But the NBA should be ashamed of the punishment it meted out to Artest, who changed his name last year to Metta World Peace, of all things. Artest, who helped provoke the worst riot in NBA history when he played for the Indiana Pacers, got a seven-game suspension.

Big deal.

It should have been at least 10 games. I'd have suspended him from the entire post-season playoff season. The NBA should succeed where the NHL has clearly failed: Clean up the sport and send a strong message to people like Peace, that violence will not be tolerated.

Instead, the NBA equivocated, meandered, took the easy way out.

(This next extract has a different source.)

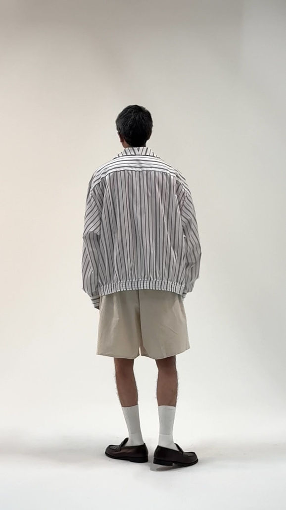 スタイルはUKのウィメンズのビンテージブルゾンからインスピレーションを受けた新型のショート丈のブルゾンです。胸元を綺麗に見せる襟のデザイン。両サイドの上部に1箇所つくボタンがエレガントです。裾はリブになっていて丸みを帯びた美しいシルエットが出ます。いつも通りのSillageが提案するオーバーサイズシルエット。

Maybe NBA Commissioner David Stern was making it up to the Lakers, after putting the kibosh on a pre-season trade that would have enabled the already-powerful Lakers to acquire the highly respected point guard, Chris Paul, from New Orleans.

Stern prevented the deal from taking place, citing what he thought would be some sort of a competitive imbalance in the league. The deal was stopped, and the Lakers' chances of regaining the NBA title were severely limited.

Stern is the most admired commissioner of his generation in pro sports. The NBA has prospered wildly in his long tenure, since the 1980s. But, for what it is worth, I lost a lot of my regard for him. He allowed a player like Peace to make a mockery of any sort of sportsmanship.

Plus, what if Harden, a key player for the Thunder, actually had suffered a serious injury in the elbowing and could no longer play this season. The Thunder's chances winning the NBA title would be diminished strongly — and the Lakers would suddenly have a better shot, too, all because of one cheap hit.

The whole thing stinks. But the biggest stench emanates from the NBA office for not taking tougher action against Peace.

Jon Friedman writes the Media Web column for MarketWatch.com. Click here to read his latest column. (Friedman is also the author of "Forget About Today: Bob Dylan's Genius for (Re)invention, Shunning the Naysayers and Creating a Personal Revolution," which Penguin will publish in August.) Read more reports from Jon Friedman — Click Here Now.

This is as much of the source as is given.